From 1941 to 1945, some 45,000 prisoners were held at Camp Amersfoort under the direct command of the SS.

National Monument Camp Amersfoort. Credit: Wikimedia Commons.
National Monument Camp Amersfoort. Credit: Wikimedia Commons.

A museum built on the site of a former Nazi concentration camp in the Netherlands was inaugurated on Monday, also the 76th anniversary of the day the camp was handed over to the Red Cross and liberated.

National Monument Camp Amersfoort on the border of Leusden and Amersfoort is a large, underground museum that showcases portraits and stories of those who were imprisoned at the facility. Those who attended the inauguration ceremony on April 19 included former Camp Amersfoort prisoner Arie van Houwelingen and Dutch Prime Minister Mark Rutte.

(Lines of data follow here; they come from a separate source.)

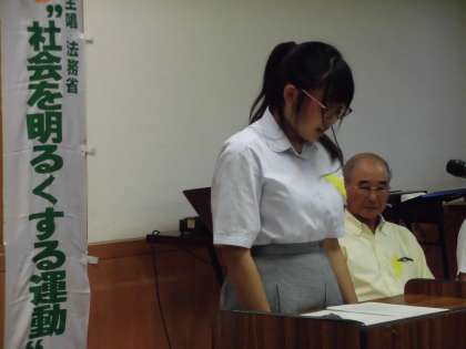 夕方6時から、川東タウンセンターマロニエにおいて、「〜第68回社会を明るくする運動〜地域の集い!」が開催され、本校の2年生柳川天音さんが作文の朗読を行いました。(写真上)
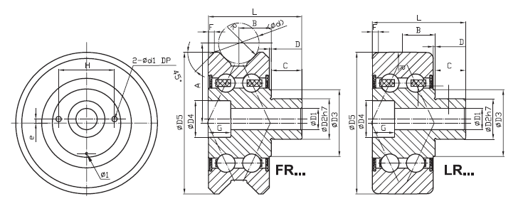 | LR… | Plain roller, eccentric, crowned O.D.(crown radius R=500mm) | |||||||||||||||||||
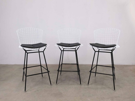 Cet ensemble de trois tabourets de bar, signé Harry Bertoia et conçu vers 1950, est un classique emblématique du design Mid-Century Modern. Les assises en maille métallique laquée blanche séduisent par leur légèreté sculpturale et contrastent harmonieusement avec les structures en métal laqué noir. Leurs lignes épurées et leur structure aérienne confèrent à ces tabourets un style intemporel et polyvalent. L'ensemble est en très bon état, présentant seulement de légères traces d'usure liées à son âge. Idéal pour les îlots de cuisine, les comptoirs de bar ou les espaces commerciaux élégants, il constitue un ensemble design de grande qualité, à la forte présence visuelle.
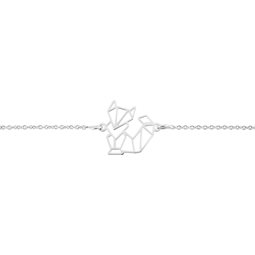 Bracelet Argent Blanc 925/1000 Renard Origami Chaine Jaseron 16cm
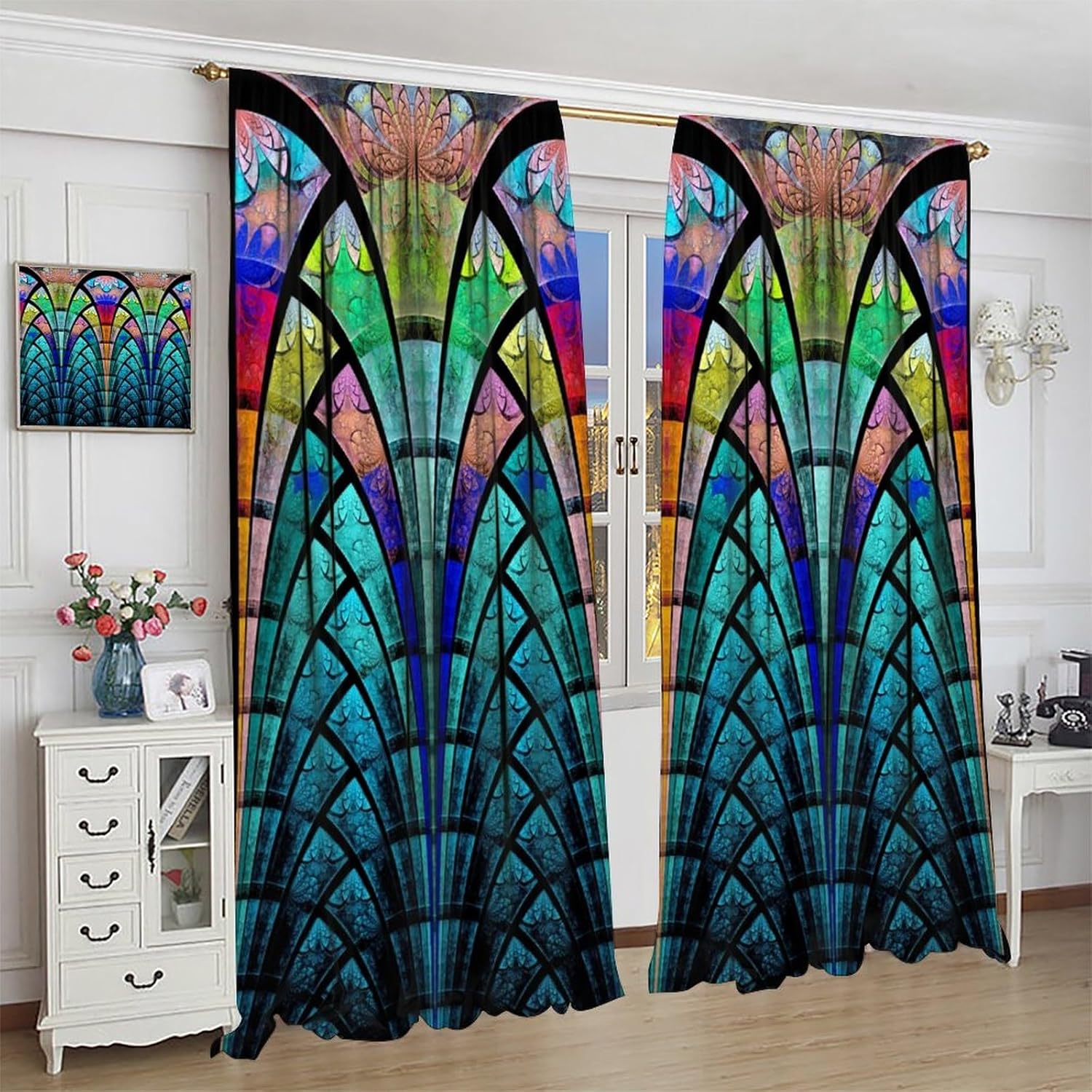 Stained Glass Curtains,Retro Design Style Colorful Abstract Art Home Decor Drapes for Bedroom Living Room Kitchen Window Treatment 2 Panels Set Total Size 72" W X 63" L Inch
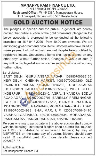 Manappuram Finance Ltd Gold Auctions Auction in Thrissur
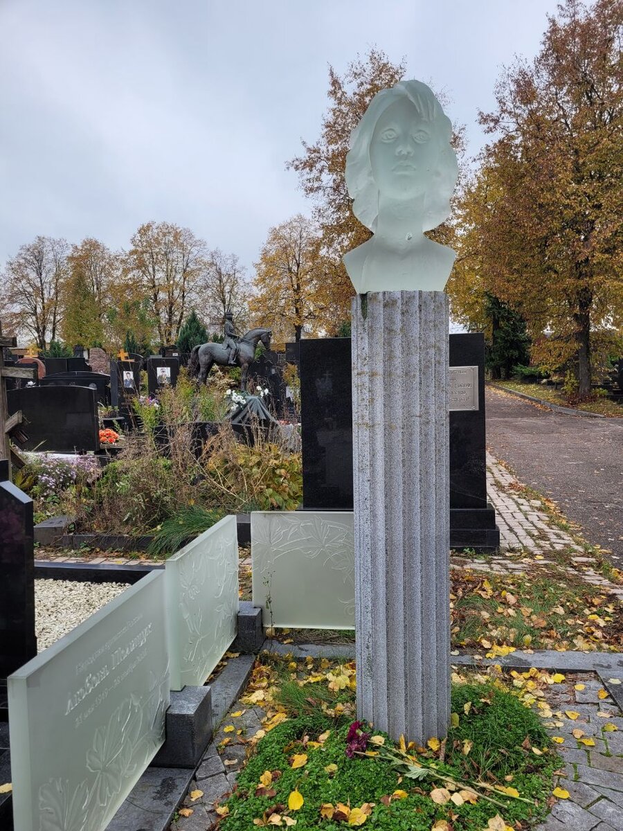 Благодаря огромному количеству захоронений известных людей, Троекуровское кладбище часто называют филиалом Новодевичьего. Именно Троекуровское - одно из самых престижных и дорогих кладбищ в Москве. Этой осенью здесь впервые побывала и я. Показываю, как сейчас выглядят могилы советских и российских знаменитостей. Больше всего здесь захоронено известных актёров и актрис. На могиле Любови Полищук находится её хрустальный бюст, установленный на гранитной колонне. Помните актёра Андрея Панина, игравшего в "Свадьбе" и "Бригаде"? Могила Панина выделяется декором - на гранитной глыбе расположено сразу 2 каменных шута. Последний приют здесь обрёл и мой любимый Николай Караченцов. На его монументе изображена сцена из рок-оперы "Юнона и Авось": умирающий граф Резанов, стоящий на коленях. Актёра Вячеслава Галкина многие помнят по сериалам "Мастер и Маргарита", "Дальнобойщики", "Спецназ" и "Диверсант". На могиле актёра сейчас находится его скульптура, на мой взгляд, очень талантливо сделанная. Оч
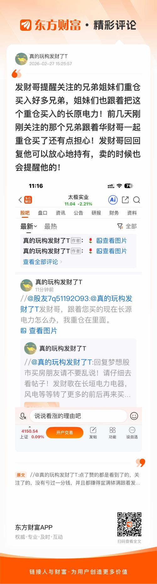 温馨提示: 1.根据《证券法》规定,禁止编造、传播虚假信息或者误导性信息,扰乱证券市场;2.用户在本社区发表的所有资料、言论等仅代表个人观点,与本网站立场无关,不对您构成任何投资建议。用户应基于自己的独立判断,自行决定证券投资并承担相应风险。《东方财富社区管理规定》
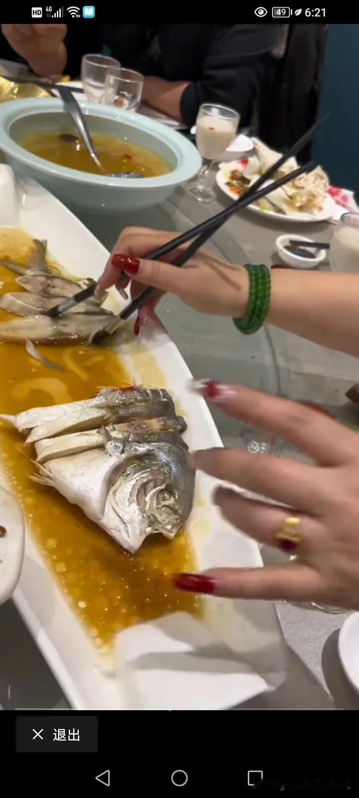 “兄弟们,我们点的鱼少了,怎么办?”一位大姐带着全家老少,春节在外面吃饭,他们点了一条鱼,当商家把鱼蒸好之后端上来,她发现这条鱼不对劲。 长长的盘子,这条鱼却被切块横着放在盘子里,大姐数了一下鱼块,感觉不对,他觉得商家肯定是在鱼身上动手脚了,鱼被切开之后偷走了一部分。 所以她重新又把鱼给拼成了一条,然后说,你看“我就说少了嘛,这鱼就这么点长,我们被骗了!” 看着大姐珠光宝气的双手在那里夹来夹去,我突然觉得有点无语,我想说,大姐,这真没法喷,这真的是常识问题。[捂脸] #寻找家乡龙年味道# #我来唠家常#
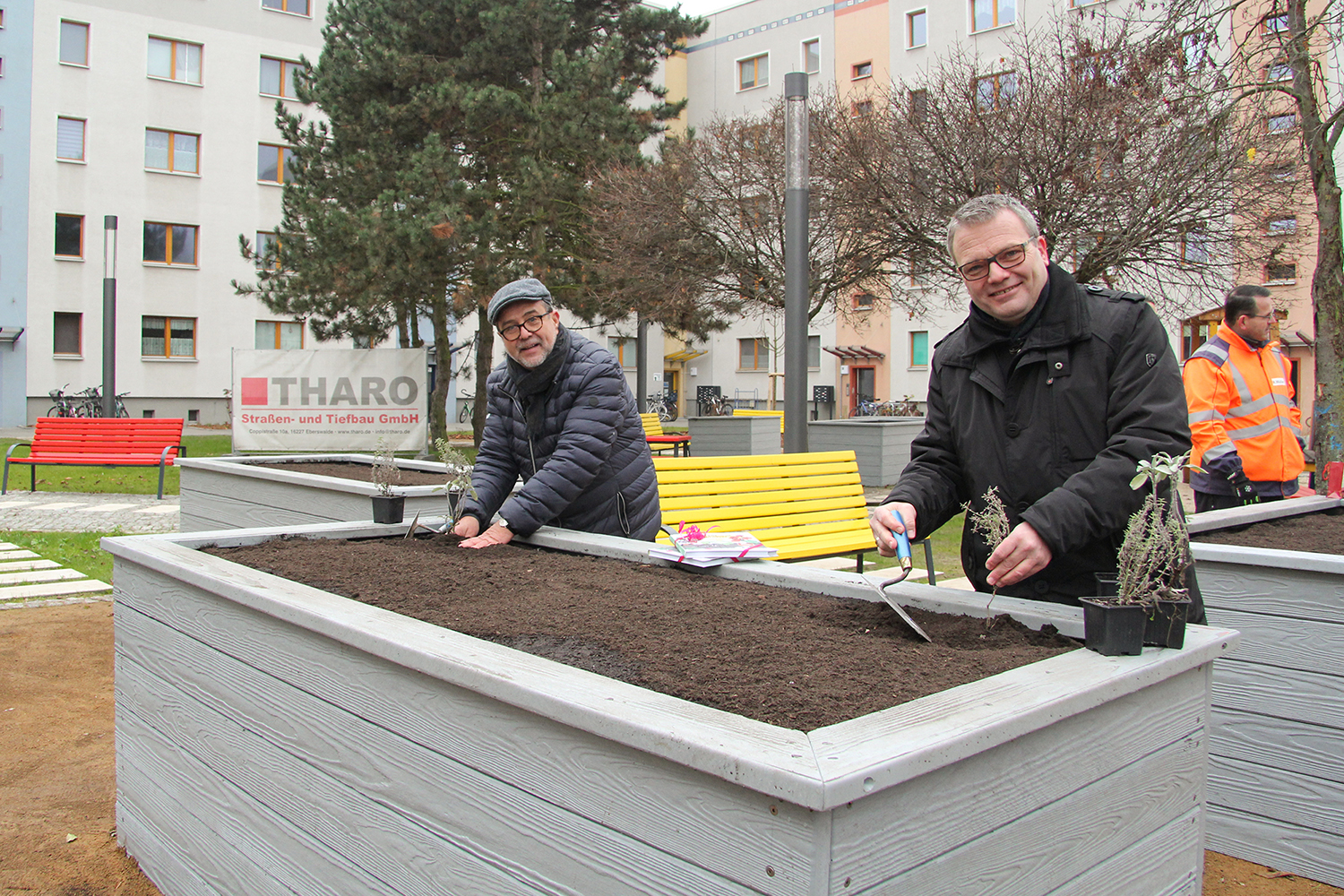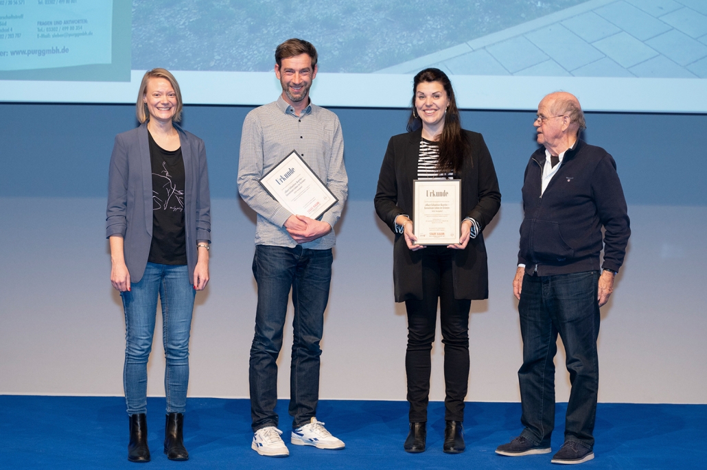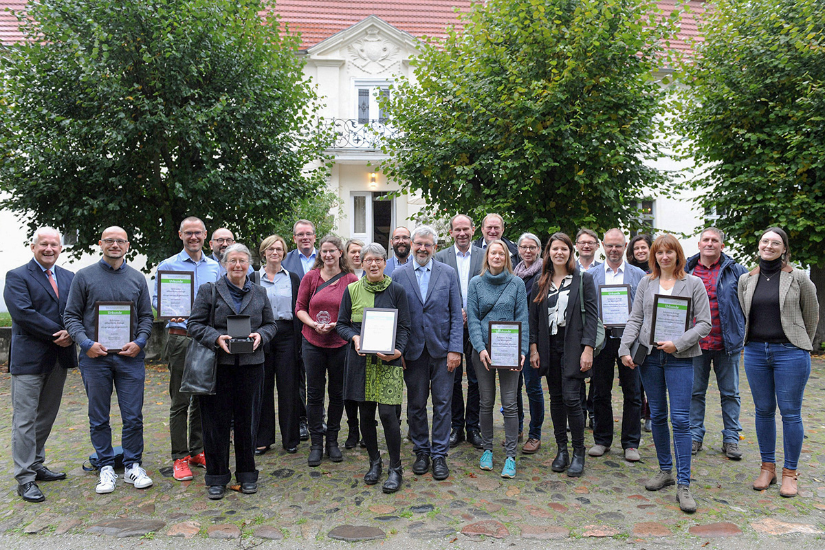 Axel Vogel, brandenburgischer Umweltminister und Schirmherr des Wettbewerbs, überreichte am 12. Oktober 2023 im Rahmen einer Festveranstaltung im Schloss Blankensee Urkunden und Preise an die Bauherren, Planungsbüros und ausführenden Garten- und Landschaftsbaufirmen der vier Siegerprojekte. Für das Albert-Schweitzer-Quartier wurden die HWB als Bauherrin, die federführenden Landschaftsplaner:innen von GAST LandschaftsArchitekten bdla, Gast, Albrecht. Seleborg Part mbH sowie THARO Straßen- und Tiefbau GmbH als bauausführende Firma geehrt.

Annual commemoration gatherings take place at the former grounds of the Nazi camp, which was built in 1941.

From that year to 1945, about 45,000 prisoners were held at Camp Amersfoort, which was under the direct command of the SS, according to the museum’s website.

Records note that at least 850 of the prisoners at the camp were Jewish, though the museum said the real number is probably much higher.

The Jewish prisoners were eventually deported from Amersfoort to Westerbork, a transit camp in the northeastern part of the Netherlands where Jews performed forced labor before being sent to other concentration or extermination camps in Poland.

The museum is slated to open on May 11.